Sine all Initialization Cells will be saved to the parallel .m file, I recommend using the Notebook only for the generation of this Package, and not also for the rest of your computations.
When managing functions, one must consider context. Not all functions should be global at all times. A series of related functions should often be kept in its own context which can then be easily exposed to or removed from $ContextPath. Further, a series of functions often rely on subfunctions that do not need to be called outside of the primary functions, therefore these subfunctions should not be global. All of this relates to Package creation. Incidentally, it also relates to the formatting of code, because knowing that not all subfunctions must be exposed as global gives one the freedom to move many subfunctions to the "top level" of the code, that is, outside of Module or other scoping constructs, without conflicting with global symbols.
Package creation is a complex topic. You should familiarize yourself with Begin, BeginPackage, End and EndPackage to better understand it, but here is a simple framework to get you started. You can follow it as a template for the time being.

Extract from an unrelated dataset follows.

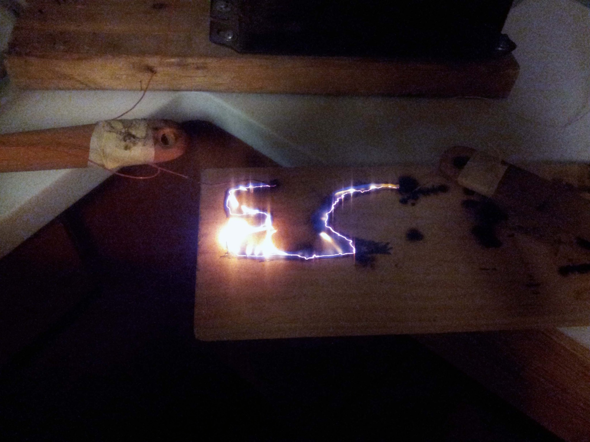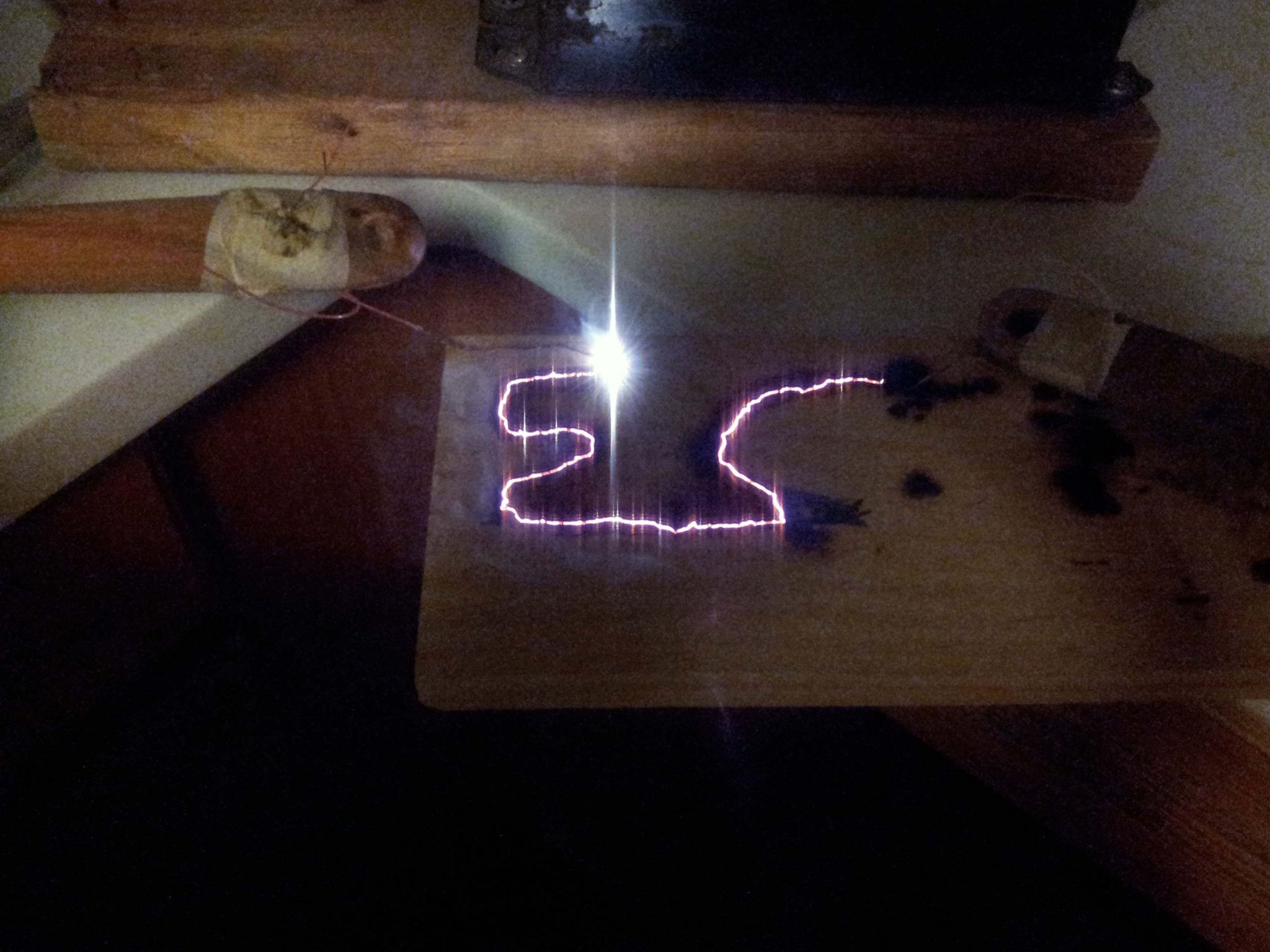Back on Putz, we did some science. It started with left over liquid nitrogen from CryoFAC , and devolved into burning things with a 12 kV neon sign transformer. We found that some interesting things happen when you put twelve thousand volts through damp wood. The electricity slowly burns through the least resistance path in the wood, creating a sort of high-carbon wire that glows bright orange. This effect could be controlled by laying down graphite on the surface of the wood with a pencil. The graphite trace directs the current, which then burns the wood along the trace. Here's what "EC" burned into the wood looks like:

This is an old definition I used before DeleteDuplicates existed:
BeginPackage["UU`"]
UnsortedUnion::usage = "UnsortedUnion works like Union, but doesn't \
return a sorted list. \nThis function is considerably slower than \
Union though."
Begin["`Private`"]
UnsortedUnion =
Module[{f}, f[y_] := (f[y] = Sequence[]; y); f /# Join###] &
End[]
EndPackage[]
Everything above goes in Initialization Cells. You can insert Text cells, Sections, or even other input cells without harming the generated Package: only the contents of the Initialization Cells will be exported.
BeginPackage defines the Context that your functions will belong to, and disables all non-System` definitions, preventing collisions. (There are ways to call other functions from your package, but that is better for another question).

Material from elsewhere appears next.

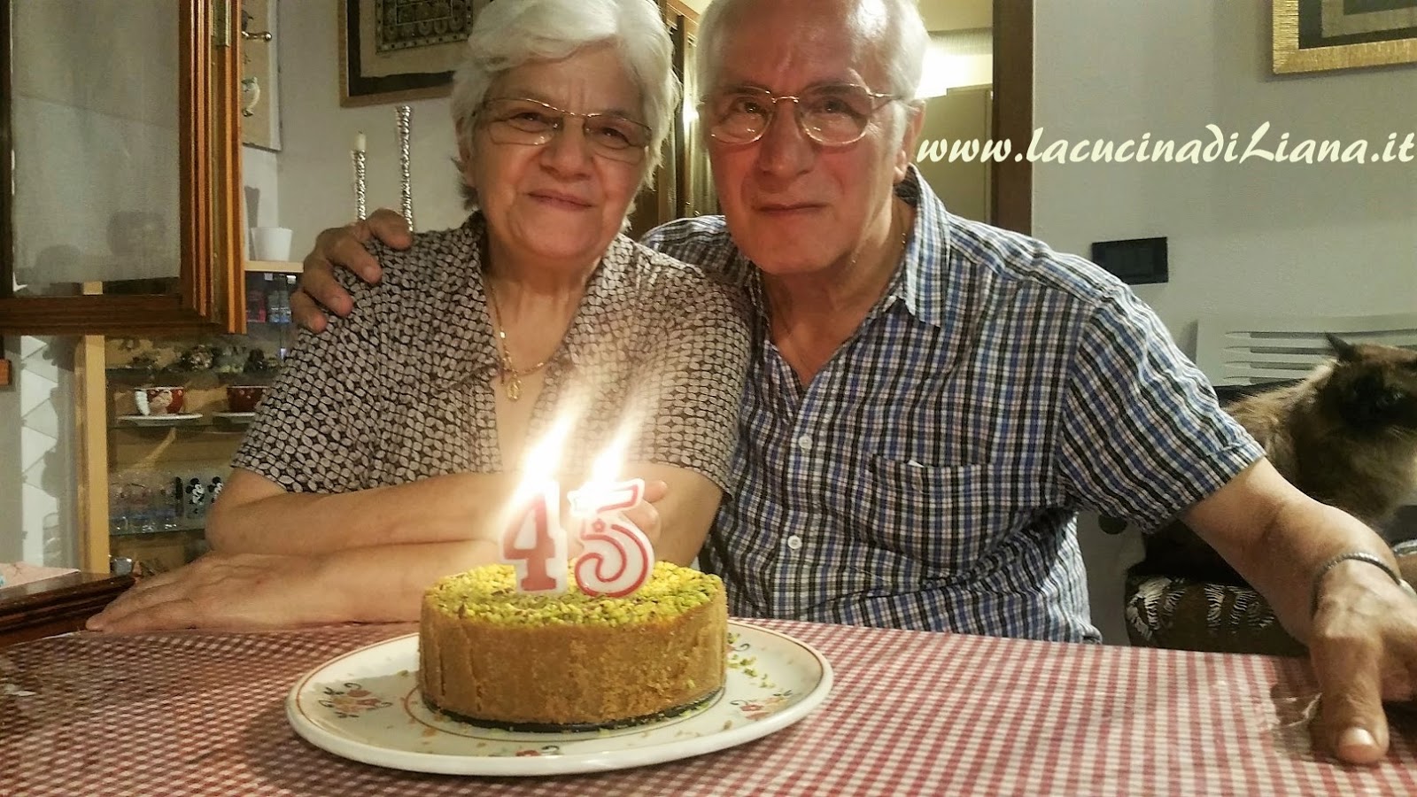 La scorsa settimana c’è stato l’anniversario di 45 anni di matrimonio dei miei suoceri, e giacchè in questi giorni, sono venuti a trovarci da Bari, ho preparato per loro una golosa Cheesecake al cioccolato bianco e cioccolato fondente con granella di pistacchio.

By convention, a ::usage message is defined for each function that it to be accessible outside the package itself. This is not superfluous! While there are other methods, without this, you will not expose your function in the visible Context.
Next, you Begin a context that is for the package alone, conventionally "`Private`". After this point any symbols you define (that are not used outside of this Begin/End block) will not be exposed globally after the Package is loaded, and will therefore not collide with Global` symbols.
After your function definition(s), you close the block with End[]. You may use as many Begin/End blocks as you like, and I typically use a separate one for each function, though it is not required.
Finally, close with EndPackage[] to restore the environment to what it was before using BeginPackage.
After you save the Notebook and generate the .m package (let's say "mypackage.m"), you can load it with Get:
<< "mypackage.m"
Now, there will be a function UnsortedUnion in the Context UU` and it will be accessible globally.
You should also look into the functionality of Needs, but that is a little more advanced in my opinion, so I shall stop here.